Task directions :: Print, exactly as they stand, the lines below from the one that has "这不,网友们直接喷退役,稍微" to the one that has "内容:とらふぐ刺身100g、", inclusive, leaving out the pictures.

The data ::
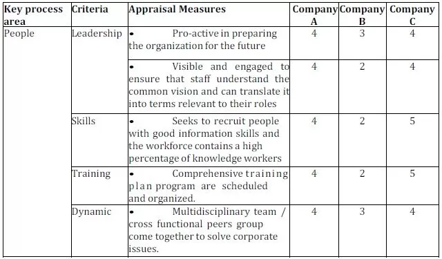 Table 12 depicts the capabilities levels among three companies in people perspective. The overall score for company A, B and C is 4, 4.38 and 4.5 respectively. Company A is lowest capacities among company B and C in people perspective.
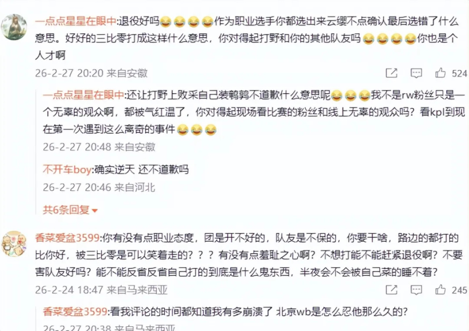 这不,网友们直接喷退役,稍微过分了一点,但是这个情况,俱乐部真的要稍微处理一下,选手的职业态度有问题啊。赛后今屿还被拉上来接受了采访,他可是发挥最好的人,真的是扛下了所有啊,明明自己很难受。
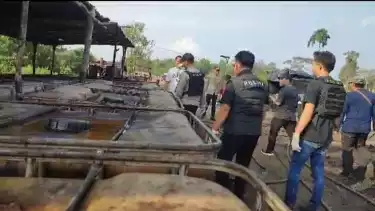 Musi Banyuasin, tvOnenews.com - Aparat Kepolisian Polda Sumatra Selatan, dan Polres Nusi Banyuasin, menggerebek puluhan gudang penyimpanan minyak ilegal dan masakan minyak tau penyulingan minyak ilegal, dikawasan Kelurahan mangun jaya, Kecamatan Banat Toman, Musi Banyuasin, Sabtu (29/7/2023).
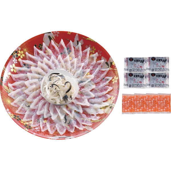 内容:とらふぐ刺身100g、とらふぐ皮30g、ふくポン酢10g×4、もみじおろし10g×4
==
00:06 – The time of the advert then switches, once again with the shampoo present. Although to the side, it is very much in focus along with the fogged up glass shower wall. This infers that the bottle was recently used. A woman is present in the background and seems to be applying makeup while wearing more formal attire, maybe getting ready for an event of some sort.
* * *
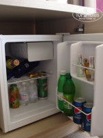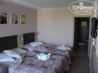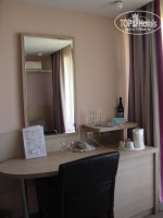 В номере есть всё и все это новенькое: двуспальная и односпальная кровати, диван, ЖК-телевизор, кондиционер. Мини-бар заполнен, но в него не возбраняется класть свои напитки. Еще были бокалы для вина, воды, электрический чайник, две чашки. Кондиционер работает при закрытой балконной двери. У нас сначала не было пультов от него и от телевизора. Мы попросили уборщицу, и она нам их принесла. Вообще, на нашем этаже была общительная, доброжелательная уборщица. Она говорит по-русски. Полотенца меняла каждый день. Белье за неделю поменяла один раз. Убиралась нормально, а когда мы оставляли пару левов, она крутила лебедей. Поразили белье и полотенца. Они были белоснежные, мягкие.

Output for this task ::
 这不,网友们直接喷退役,稍微过分了一点,但是这个情况,俱乐部真的要稍微处理一下,选手的职业态度有问题啊。赛后今屿还被拉上来接受了采访,他可是发挥最好的人,真的是扛下了所有啊,明明自己很难受。
 Musi Banyuasin, tvOnenews.com - Aparat Kepolisian Polda Sumatra Selatan, dan Polres Nusi Banyuasin, menggerebek puluhan gudang penyimpanan minyak ilegal dan masakan minyak tau penyulingan minyak ilegal, dikawasan Kelurahan mangun jaya, Kecamatan Banat Toman, Musi Banyuasin, Sabtu (29/7/2023).
 内容:とらふぐ刺身100g、とらふぐ皮30g、ふくポン酢10g×4、もみじおろし10g×4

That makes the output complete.